╭──

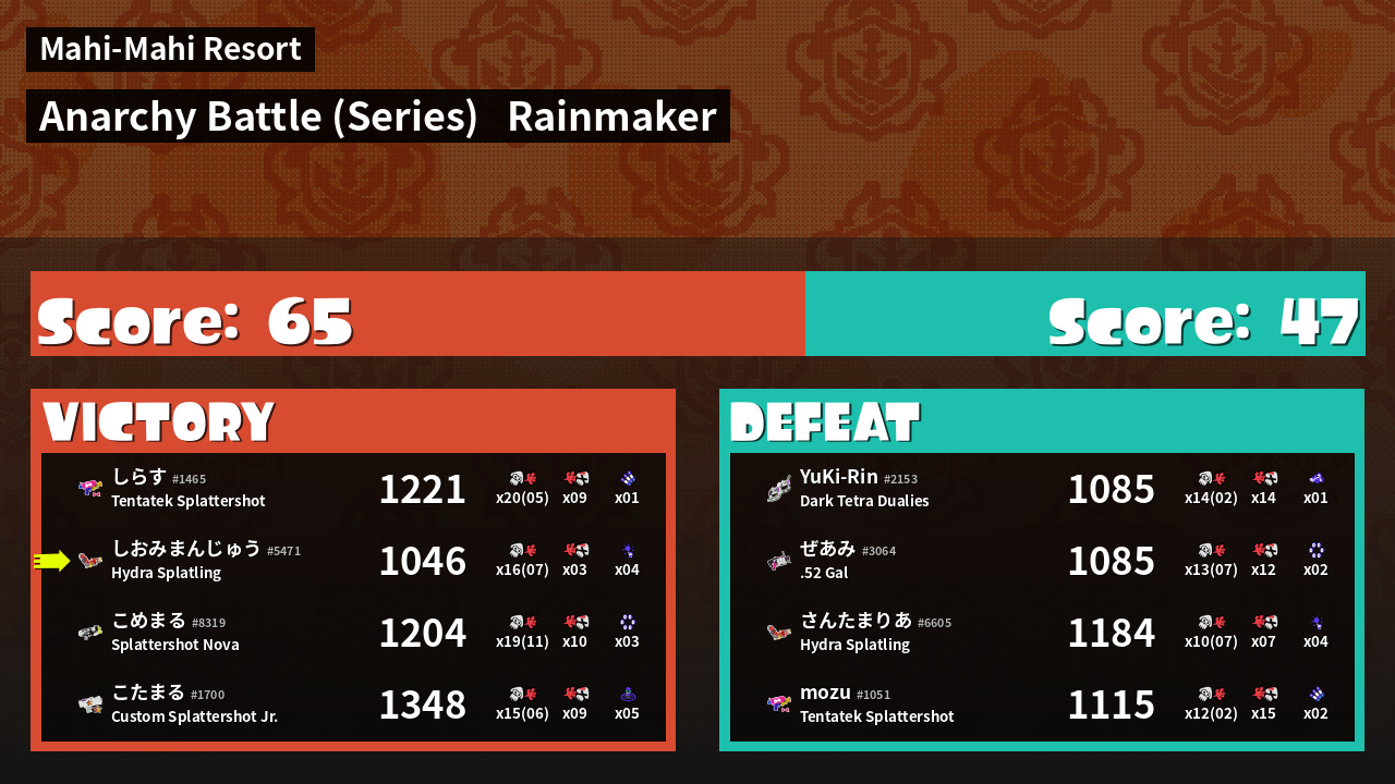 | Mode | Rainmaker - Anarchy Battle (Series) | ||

╰──
╭──

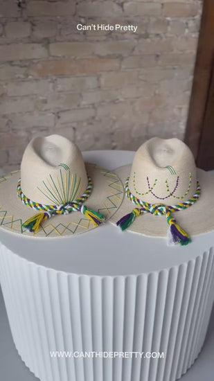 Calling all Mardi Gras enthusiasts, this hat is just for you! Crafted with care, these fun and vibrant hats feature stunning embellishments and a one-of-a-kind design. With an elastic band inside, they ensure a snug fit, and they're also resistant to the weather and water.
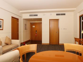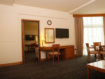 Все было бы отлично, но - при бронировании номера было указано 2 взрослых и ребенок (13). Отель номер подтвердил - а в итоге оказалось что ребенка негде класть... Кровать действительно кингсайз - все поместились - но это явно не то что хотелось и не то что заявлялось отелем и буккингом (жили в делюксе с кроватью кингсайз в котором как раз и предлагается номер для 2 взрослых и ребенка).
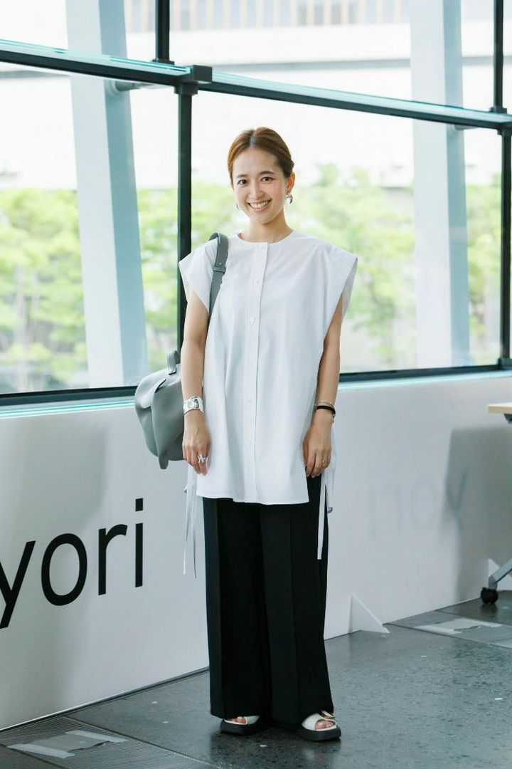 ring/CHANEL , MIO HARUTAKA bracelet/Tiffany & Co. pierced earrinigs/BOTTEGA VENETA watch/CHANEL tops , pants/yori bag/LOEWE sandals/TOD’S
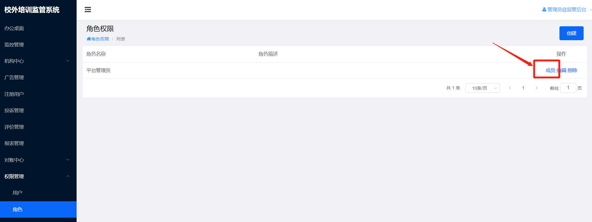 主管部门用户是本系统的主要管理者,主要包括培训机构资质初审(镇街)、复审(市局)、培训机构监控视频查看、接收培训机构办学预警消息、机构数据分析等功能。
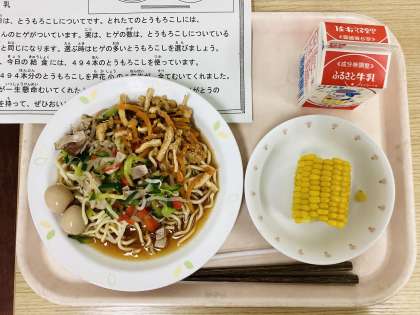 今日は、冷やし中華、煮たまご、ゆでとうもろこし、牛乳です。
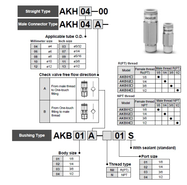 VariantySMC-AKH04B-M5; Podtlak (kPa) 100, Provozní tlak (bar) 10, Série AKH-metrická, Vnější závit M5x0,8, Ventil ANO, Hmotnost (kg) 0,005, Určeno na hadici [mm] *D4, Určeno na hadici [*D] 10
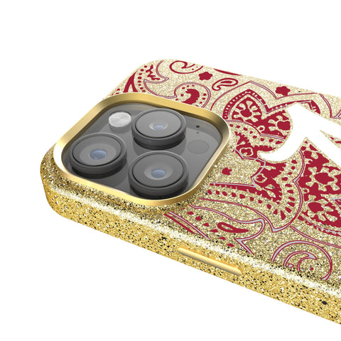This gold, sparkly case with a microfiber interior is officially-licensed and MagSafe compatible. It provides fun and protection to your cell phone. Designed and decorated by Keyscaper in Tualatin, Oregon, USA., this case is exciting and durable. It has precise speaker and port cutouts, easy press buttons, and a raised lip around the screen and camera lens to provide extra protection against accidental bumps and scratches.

╰──

Goal of the exercise => With the pictures omitted, print the lines above exactly, beginning at the line with "主管部门用户是本系统的主要管" and going on through the line with "This gold, sparkly".

Exercise response =>
 主管部门用户是本系统的主要管理者,主要包括培训机构资质初审(镇街)、复审(市局)、培训机构监控视频查看、接收培训机构办学预警消息、机构数据分析等功能。
 今日は、冷やし中華、煮たまご、ゆでとうもろこし、牛乳です。
 VariantySMC-AKH04B-M5; Podtlak (kPa) 100, Provozní tlak (bar) 10, Série AKH-metrická, Vnější závit M5x0,8, Ventil ANO, Hmotnost (kg) 0,005, Určeno na hadici [mm] *D4, Určeno na hadici [*D] 10
This gold, sparkly case with a microfiber interior is officially-licensed and MagSafe compatible. It provides fun and protection to your cell phone. Designed and decorated by Keyscaper in Tualatin, Oregon, USA., this case is exciting and durable. It has precise speaker and port cutouts, easy press buttons, and a raised lip around the screen and camera lens to provide extra protection against accidental bumps and scratches.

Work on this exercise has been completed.